→ **Exercise requirements**:
Word for word, copy out the data below, omitting pictures.

→ **Data extract**:
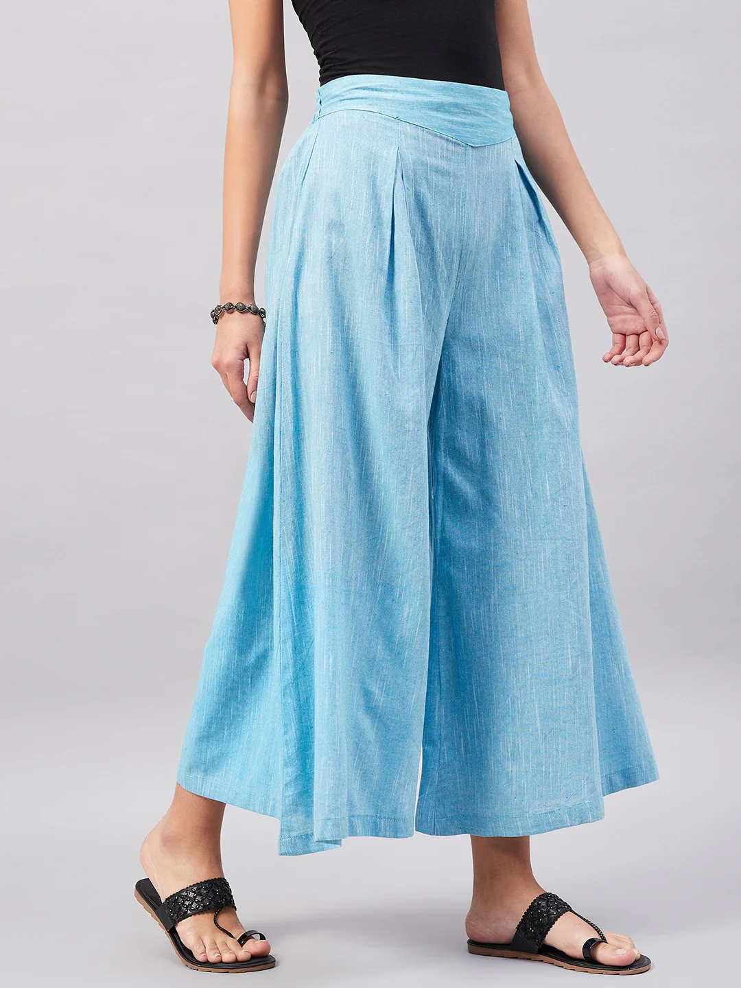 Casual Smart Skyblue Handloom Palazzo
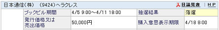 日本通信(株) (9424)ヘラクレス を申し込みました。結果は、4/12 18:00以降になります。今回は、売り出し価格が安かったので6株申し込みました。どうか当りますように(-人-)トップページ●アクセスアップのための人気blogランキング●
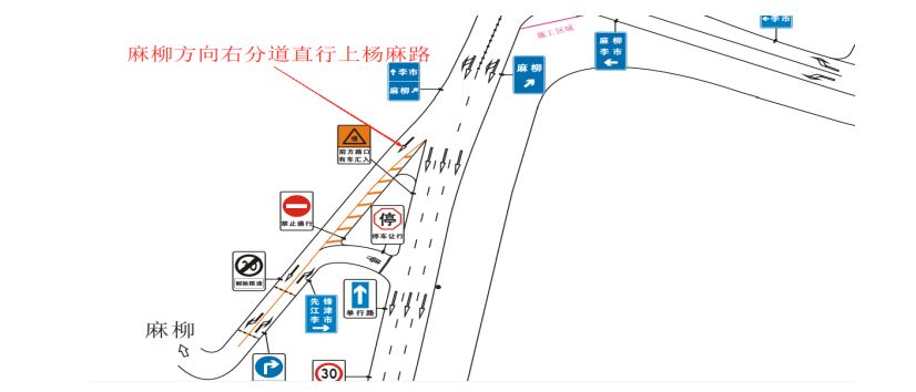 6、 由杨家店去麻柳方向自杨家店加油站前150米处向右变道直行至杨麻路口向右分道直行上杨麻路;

→ **Solution**:
 Casual Smart Skyblue Handloom Palazzo
 日本通信(株) (9424)ヘラクレス を申し込みました。結果は、4/12 18:00以降になります。今回は、売り出し価格が安かったので6株申し込みました。どうか当りますように(-人-)トップページ●アクセスアップのための人気blogランキング●
 6、 由杨家店去麻柳方向自杨家店加油站前150米处向右变道直行至杨麻路口向右分道直行上杨麻路;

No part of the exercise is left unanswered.